What you need to do → Without pictures, repeat the lines of the entries from the one containing "बेगू पंचायत समिति" through the last, both ends included, and nothing else.
**** Available data ****
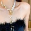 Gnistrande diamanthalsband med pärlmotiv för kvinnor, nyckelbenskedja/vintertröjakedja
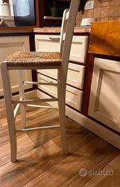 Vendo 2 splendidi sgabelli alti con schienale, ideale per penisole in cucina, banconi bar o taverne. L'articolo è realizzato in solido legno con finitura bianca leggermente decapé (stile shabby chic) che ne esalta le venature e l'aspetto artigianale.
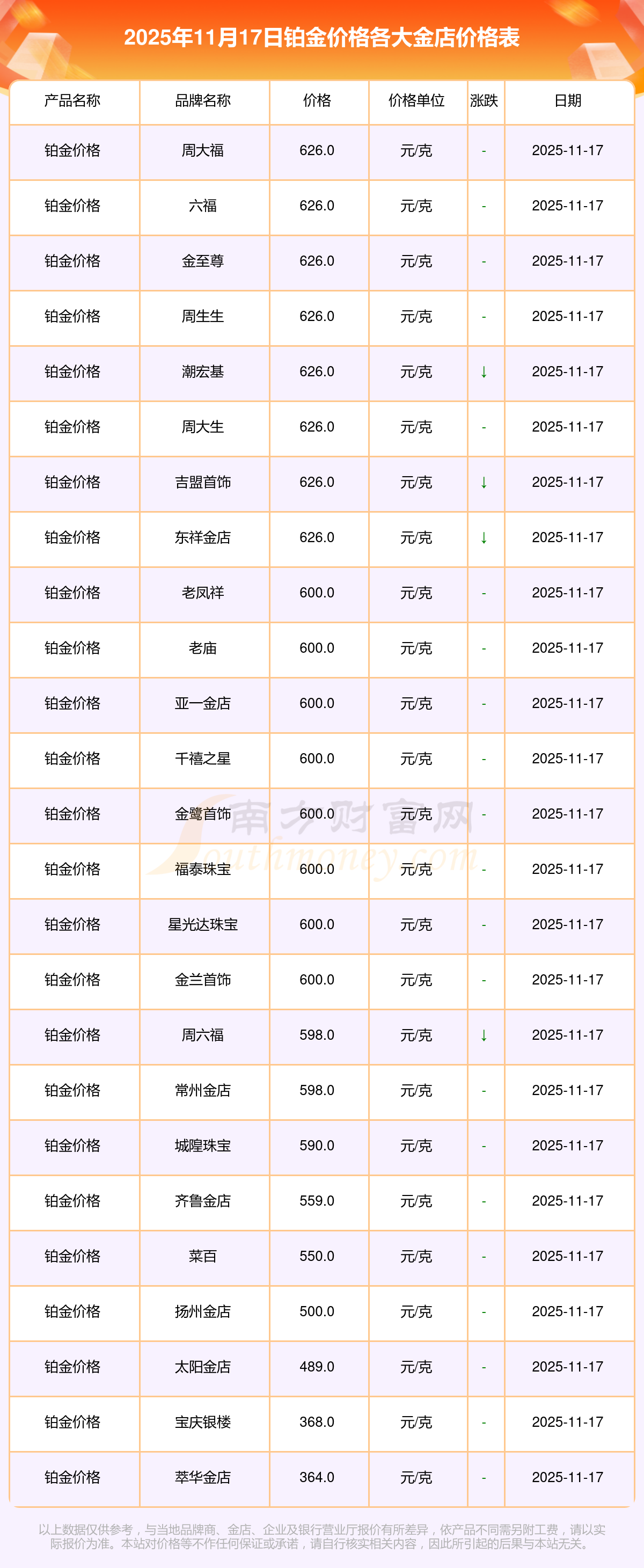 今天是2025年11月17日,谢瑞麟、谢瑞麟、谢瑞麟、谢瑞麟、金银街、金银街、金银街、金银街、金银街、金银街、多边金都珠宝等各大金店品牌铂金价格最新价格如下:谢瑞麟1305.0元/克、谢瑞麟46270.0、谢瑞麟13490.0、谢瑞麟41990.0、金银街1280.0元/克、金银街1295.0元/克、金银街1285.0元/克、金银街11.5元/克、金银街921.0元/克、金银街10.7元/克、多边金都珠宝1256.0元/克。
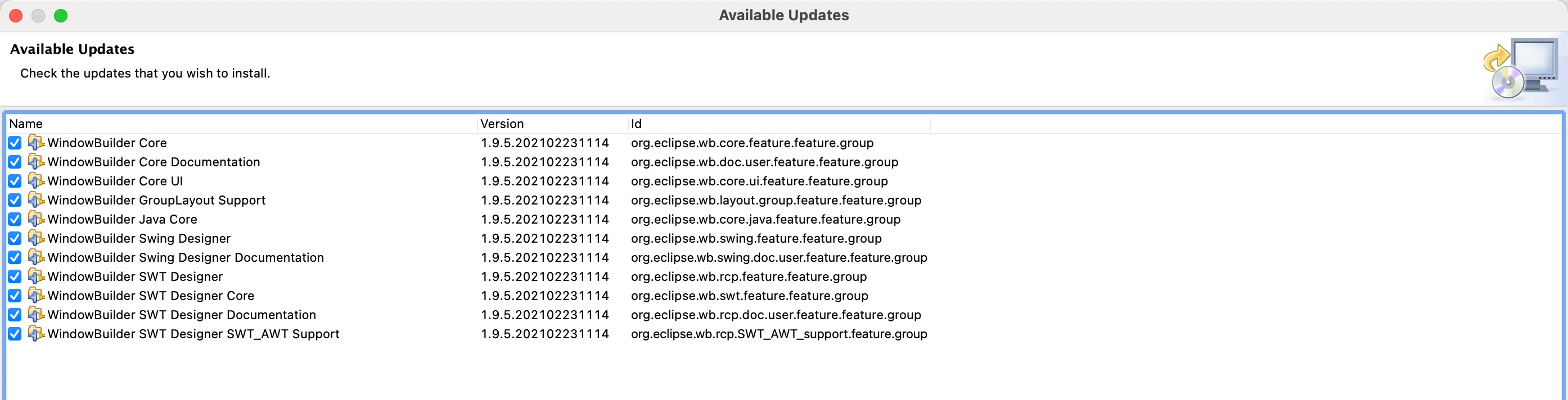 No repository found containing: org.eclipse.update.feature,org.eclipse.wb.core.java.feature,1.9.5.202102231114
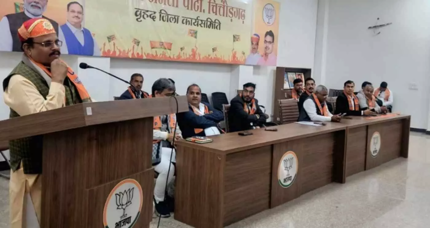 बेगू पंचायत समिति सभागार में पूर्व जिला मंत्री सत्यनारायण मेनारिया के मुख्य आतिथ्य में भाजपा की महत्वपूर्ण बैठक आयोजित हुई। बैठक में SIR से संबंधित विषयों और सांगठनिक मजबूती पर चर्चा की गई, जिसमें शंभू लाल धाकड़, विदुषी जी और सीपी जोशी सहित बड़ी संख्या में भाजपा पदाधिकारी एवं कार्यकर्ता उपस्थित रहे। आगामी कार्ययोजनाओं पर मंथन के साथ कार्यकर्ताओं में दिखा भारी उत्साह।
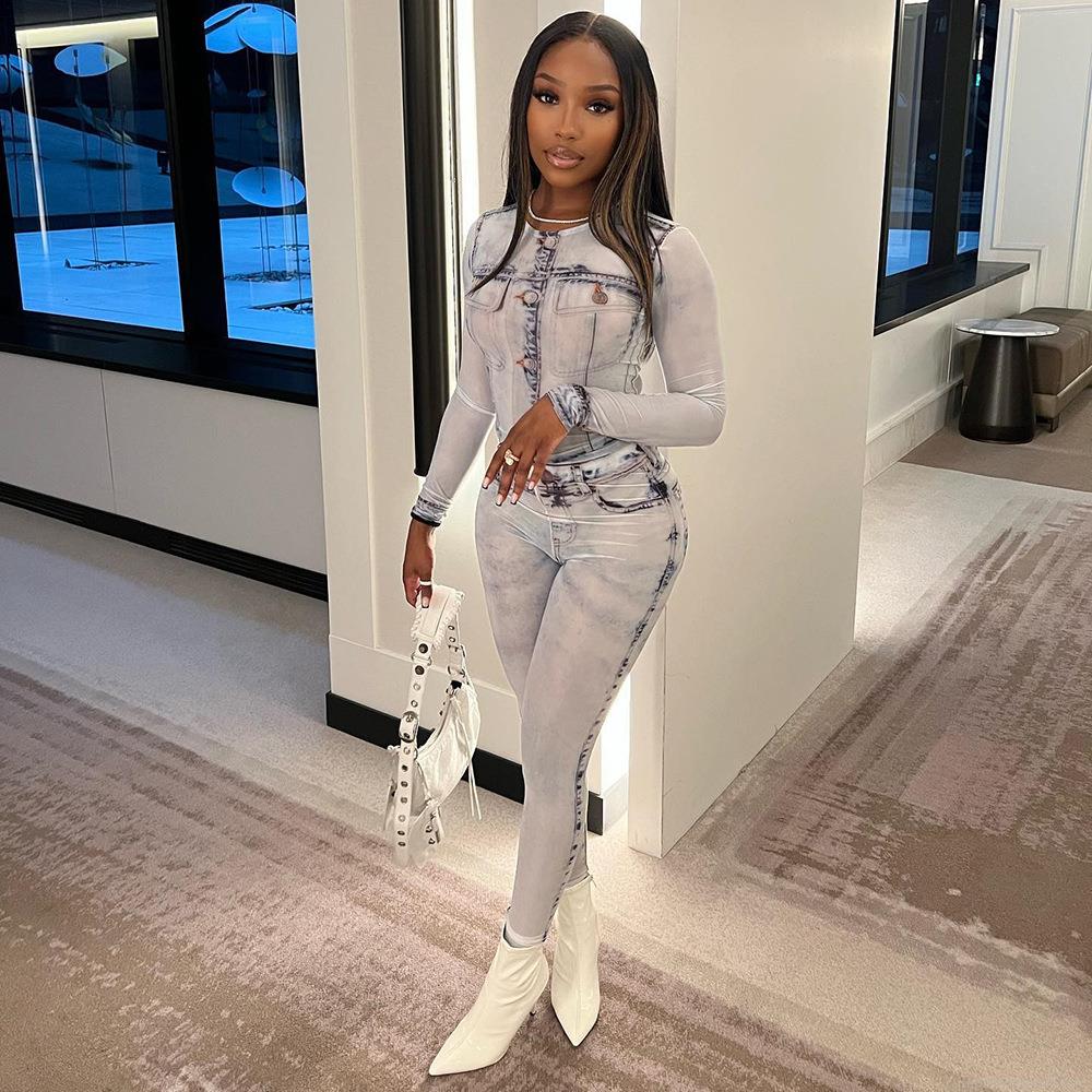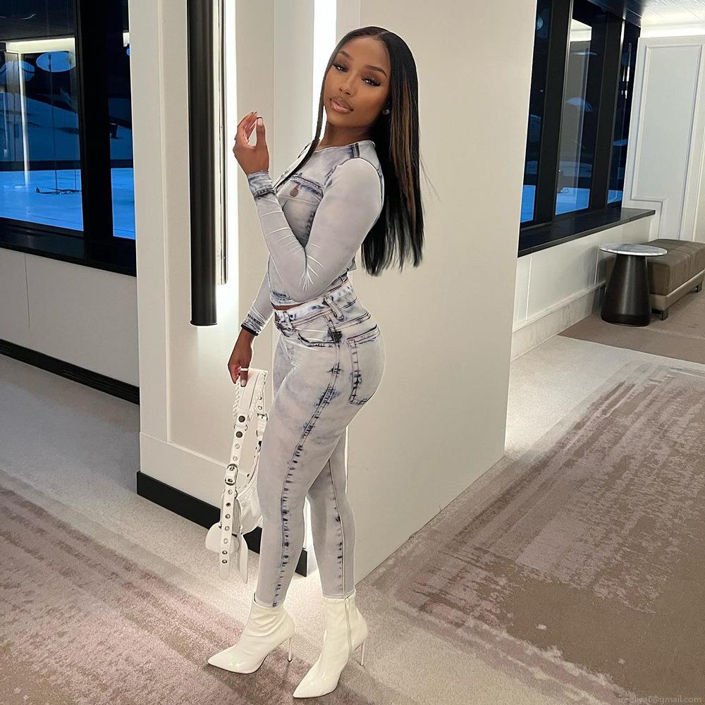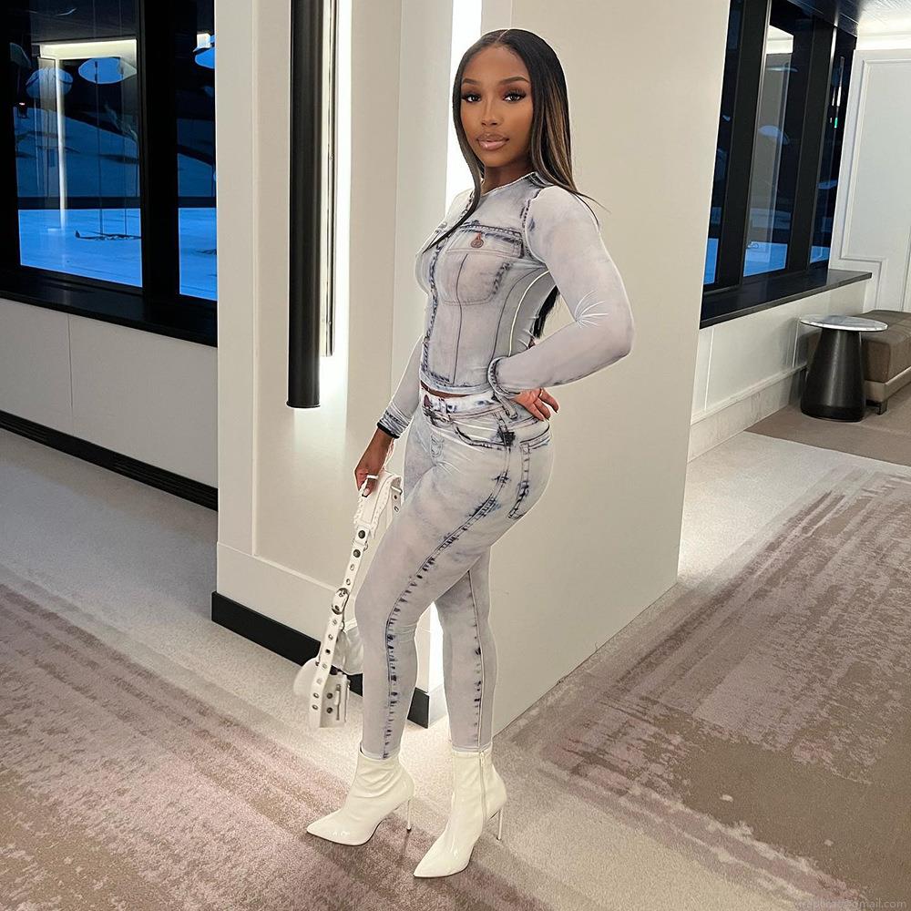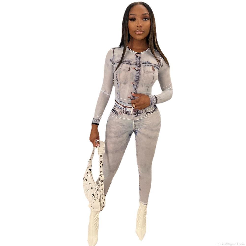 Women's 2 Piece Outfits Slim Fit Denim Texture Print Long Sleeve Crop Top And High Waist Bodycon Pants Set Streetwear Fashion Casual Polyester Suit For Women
****
Answer box →
 बेगू पंचायत समिति सभागार में पूर्व जिला मंत्री सत्यनारायण मेनारिया के मुख्य आतिथ्य में भाजपा की महत्वपूर्ण बैठक आयोजित हुई। बैठक में SIR से संबंधित विषयों और सांगठनिक मजबूती पर चर्चा की गई, जिसमें शंभू लाल धाकड़, विदुषी जी और सीपी जोशी सहित बड़ी संख्या में भाजपा पदाधिकारी एवं कार्यकर्ता उपस्थित रहे। आगामी कार्ययोजनाओं पर मंथन के साथ कार्यकर्ताओं में दिखा भारी उत्साह।
 Women's 2 Piece Outfits Slim Fit Denim Texture Print Long Sleeve Crop Top And High Waist Bodycon Pants Set Streetwear Fashion Casual Polyester Suit For Women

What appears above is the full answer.